Why domestic violence persists
Lawrence Enyoghasu
Olumide Omosebi, a lawyer, is certainly unhappy about the persistent rise in domestic violence in Nigeria
Having lost 42 persons that include family members and close friends to intimate partner violence, the founder of The Gnosis Help Initiative, said he wished there was something he could do to turn back the hands of time, to save some of the victims from the needless deaths.
He said the insatiable hunger to prevent more deaths from domestic violence led to the emergence of the organisation.
“The group was created due to the increase in death resulting from spousal-based violence. I have lost friends and families to it over the years. There was one that happened last year. The wife ran to the balcony and the husband ran there and pushed her down. She survived the ordeal but became paralysed. The man responsible for her condition relocated abroad and remarried. It was a sad thing because she could have avoided it,” he said.
The lawyer explained that his organisation counsels couples and also helps facilitate divorce for domestic violence victims that want to leave but can’t afford the legal fees. He noted that another initiative called ‘Just Before You Say I Do’, was recently launched to basically give advice to singles who want to make decisions concerning marriage.
“We have been going to tertiary institutions to educate them about the mistakes people make while choosing life partners. I usually advise them by drawing from my 20 years experience in marriage,” he said.
Recalling the number of people he had buried so far, Omotebi said 2018 was a sad year for members of the organisation as there was no month that at least two people were not buried. “Each partner kept thinking the other would change until their death.” he stated.
He explained that there are no new issues affecting marriages other than the ones already in existence and lamented that the statistics of people that have succumbed to domestic violence keeps rising yearly.
“The issue is that couples don’t know these problems and have not been taught how to handle them, so they keep making the same mistakes and end up same way.
“The statistics we have showed that two out of five marriages end up being violent. Also from the Ikoyi registry, it was gathered that out of about 2.5 million marriages held in the last 10 years, over 600, 000 did not survive the second year. Ten per cent of the rest suffered violence that led to death or injury. We found out that two out of five marriages suffer domestic violence and abuse in the first year, meaning that there is high level of failure in marriages.

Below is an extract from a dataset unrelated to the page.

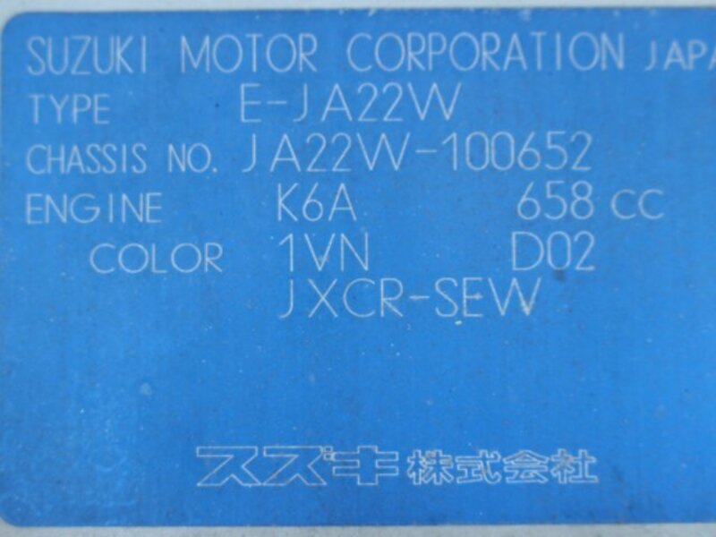 | Chassis No | JA22W-1****Full Chassis No_will be shown on Invoice |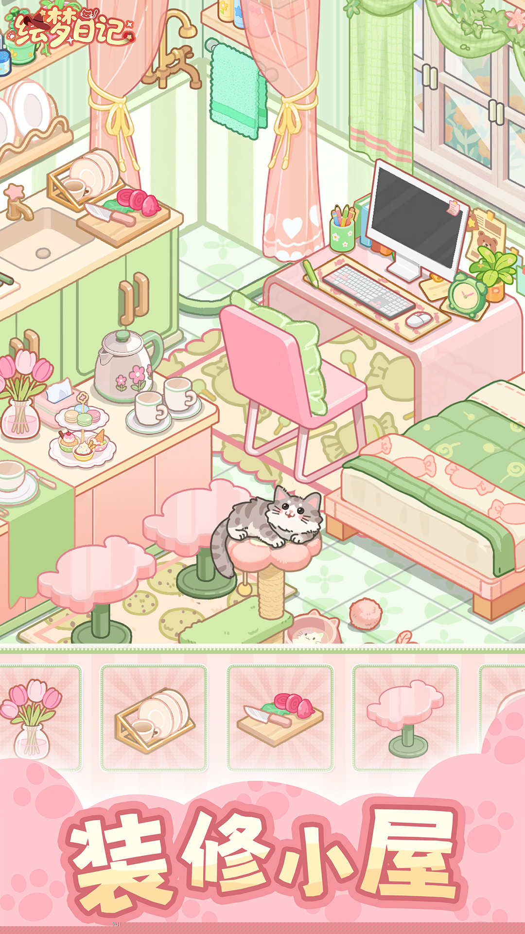 绘梦日记是一款将模拟经营、自由装修与少女换装巧妙融合的治愈系生活模拟游戏,被一只神秘的魔法小猫引领至一座亟待复兴的破旧小店。在这个充满无限可能的梦幻空间里,时间仿佛放缓了脚步,每一处角落都等待着被赋予新的生机与故事。从修复斑驳的墙面到布置温馨的家具,从为来访的客人提供贴心的服务到精心搭配每日的服饰,游戏构建了一个远离喧嚣、专注于创造与成长的宁静港湾,让在亲手搭建的治愈星球中,收获一份纯粹的满足与安宁。

“In Badagry Registry, between January and September 2016, there were 30,000 reported cases of failed marriages. These are just the reported cases. You can imagine the unreported cases. I am tired of separating and settling issues in marriages. There was a time we had to pass through a window to rescue a woman locked in the toilet by her husband. The man went out to buy petrol to burn the house. After whisking her out of the house, the husband followed her until we were able to take her to a place where he could not reach her again. He went ahead to burn all her things.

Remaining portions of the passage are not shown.